4.4 Automatic Evaluation
We report automatic evaluation in five aspects: BLEU (up to bigrams) [9], ROUGE-L [8], Dist-1, Dist-2, which indicates the proportion of different unigrams (bigrams) in all unigrams (bigrams), Number recall, which is used to measure how many numbers in problem text are correctly copied. Results are reported in Table 4. In Table 4 we also present results of ablation study. We can observe 1) our model yields higher performance in all metrics compared with baselines, especially in Dist-1 and Dist-2, which proves our model can generate more diversity math word problems. We consider this is because baseline models have no guidance in topic words and knowledge, thus they tend to generate the simplest question type like “one number is twice the second number...”. 2) taking out topic control or commonsense enhancement will both decrease evaluation scores, which verifies their effectiveness. For example, removing commonsense enhancement declines BLEU score by 24.4%, while removing VAE & topic memory declines BLEU score by 35.5%.

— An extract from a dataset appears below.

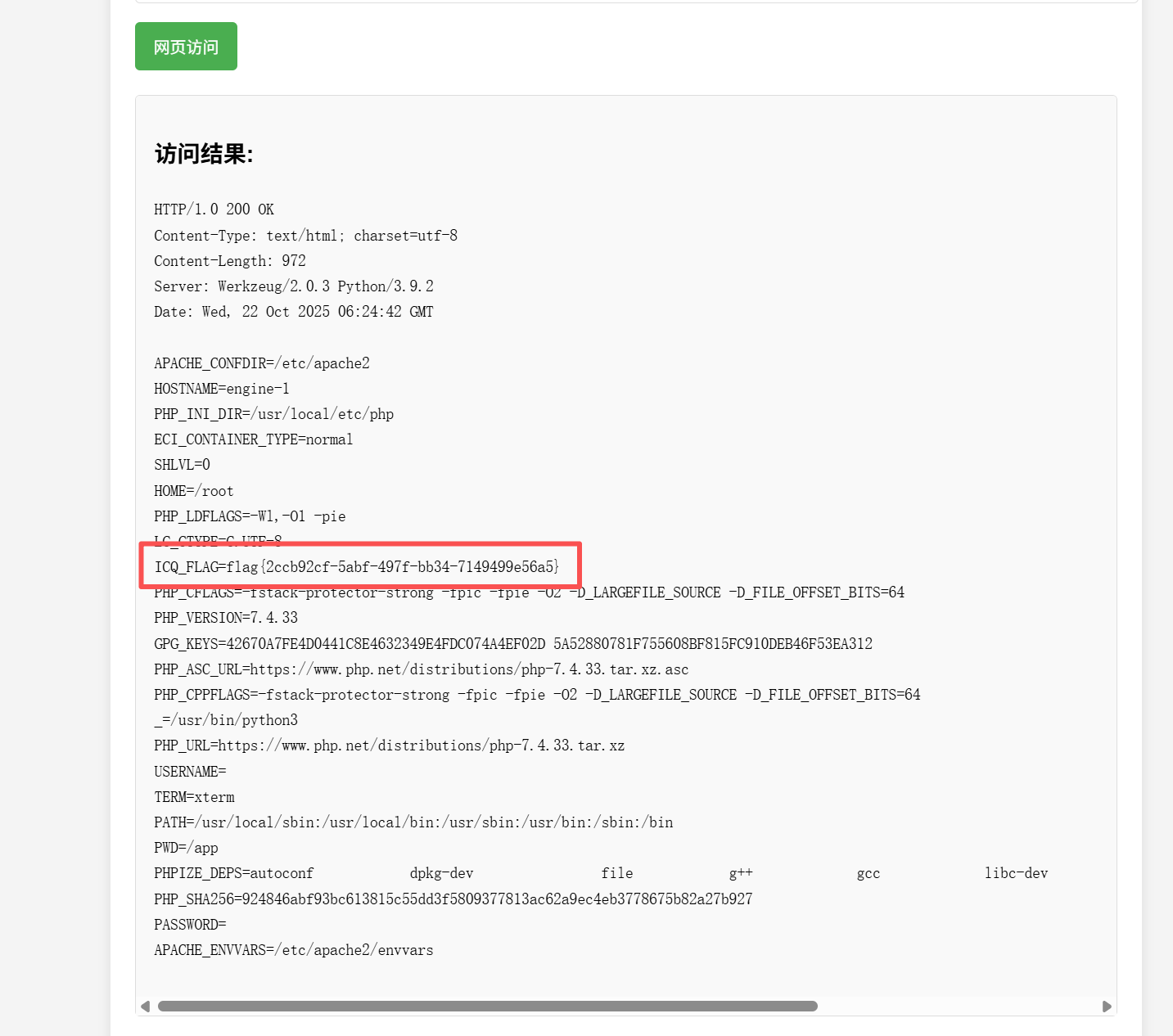 成功获得flag:flag{2ccb92cf-5abf-497f-bb34-7149499e56a5}

We also separately compare MAGENT with our model including the same keywords as an extra input in Table 5, which demonstrates our model can still achieve performance gain with the same input.
4.5 Human Evaluation
Automatic metrics such as BLEU and ROUGE only focus on n-gram similarity, but fail to measure true generation quality (i.e., if topic drifting occurs). We invite three human annotators to judge generation quality in four aspects. 1) Fluency (Flu): it mainly judges whether the problem text is fluent, i.e., whether the generated problem text has some grammar errors. 2) Coherence (Coh): it weights if the problem text is coherent in text-level; 3) Solvability-1 (S1): as our target is a math word problem, we should pay attention to whether the problem text can be solved, i.e., in what percentage we can set up the same (or equivalent) equations and solve them according to the generated problem text; 4) Solvability-2 (S2) is a more relaxed criterion compared with Solvability-1, it only requires the text produced is a valid math problem and could be solved regardless what equations could be set. We randomly select 50 generated MWP texts and score them in five grades. The scores are projected to 1–5, where higher score implies better performance (for solvability we use percentage). We report the average scores in Table 6.
Table 6 (upper) confirms our proposed model receives significant higher score in coherence and solvability, we assume this is because our model restricts the problem text into a certain topic and provides related words for reference.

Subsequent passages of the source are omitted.